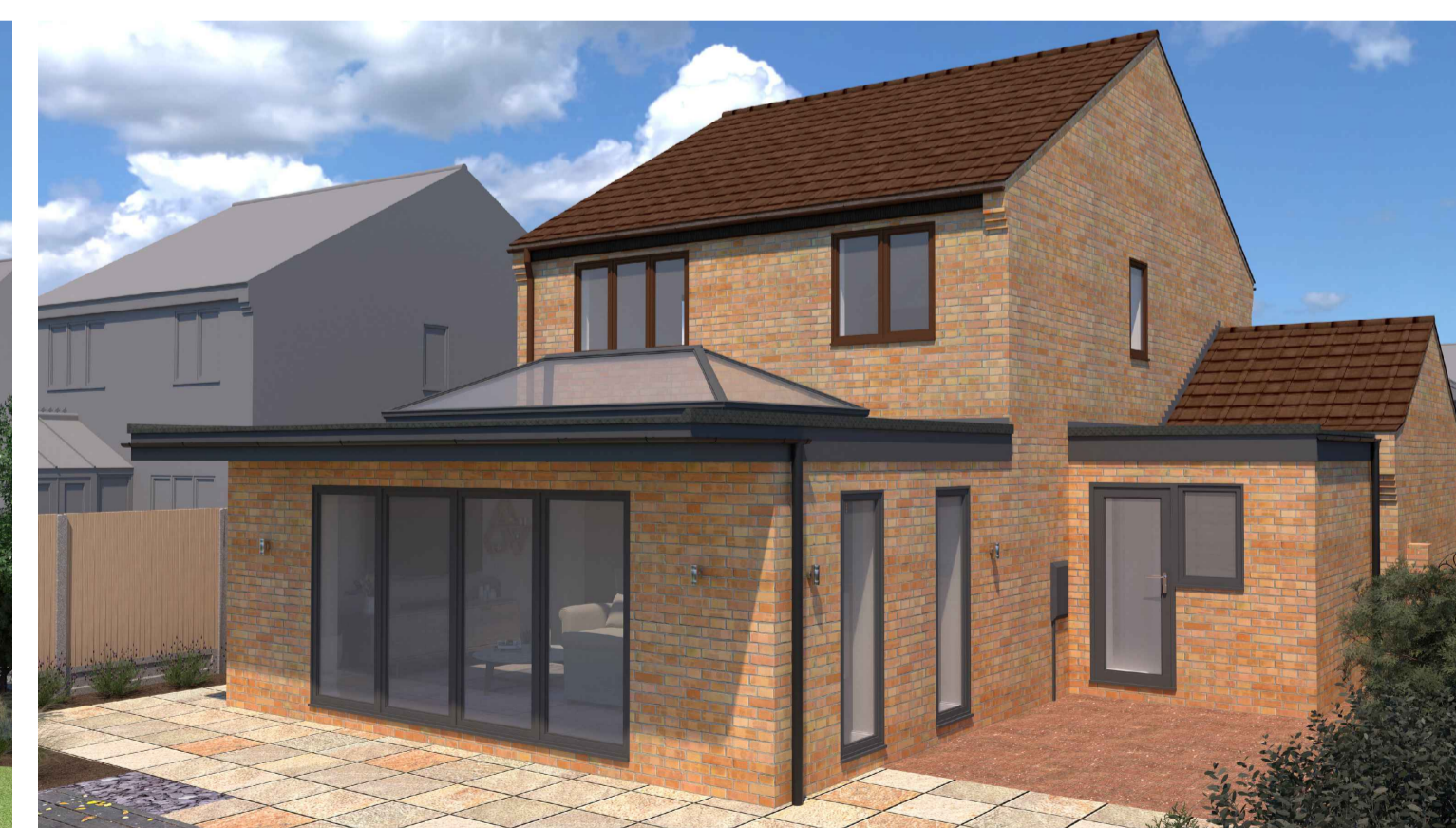
Proposed Visuals (n.t.s)
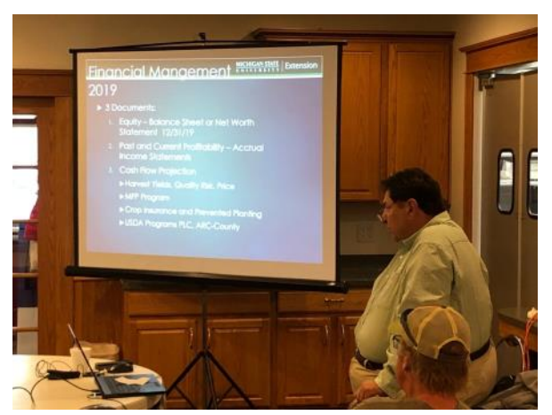
MSU Extension is here to assist farmers, families and individuals within the farming community when issues arise.
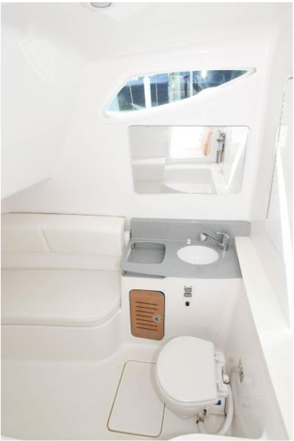
2017 Barker Boatworks 400 FS7 - Cabin
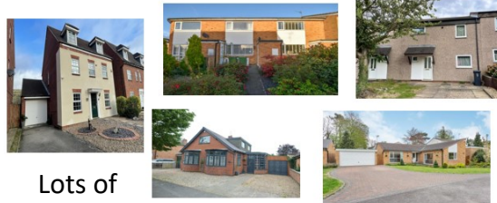
Lots of different houses in Glen Parva
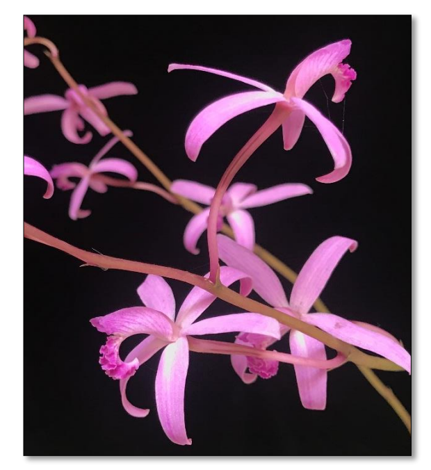
Rupicolous Laelias of Brazil

■ EXERCISE DETAILS
Leaving out all pictures, transcribe the listing exactly.

■ ANSWER TO THE EXERCISE
Proposed Visuals (n.t.s)
MSU Extension is here to assist farmers, families and individuals within the farming community when issues arise.
2017 Barker Boatworks 400 FS7 - Cabin
Lots of different houses in Glen Parva
Rupicolous Laelias of Brazil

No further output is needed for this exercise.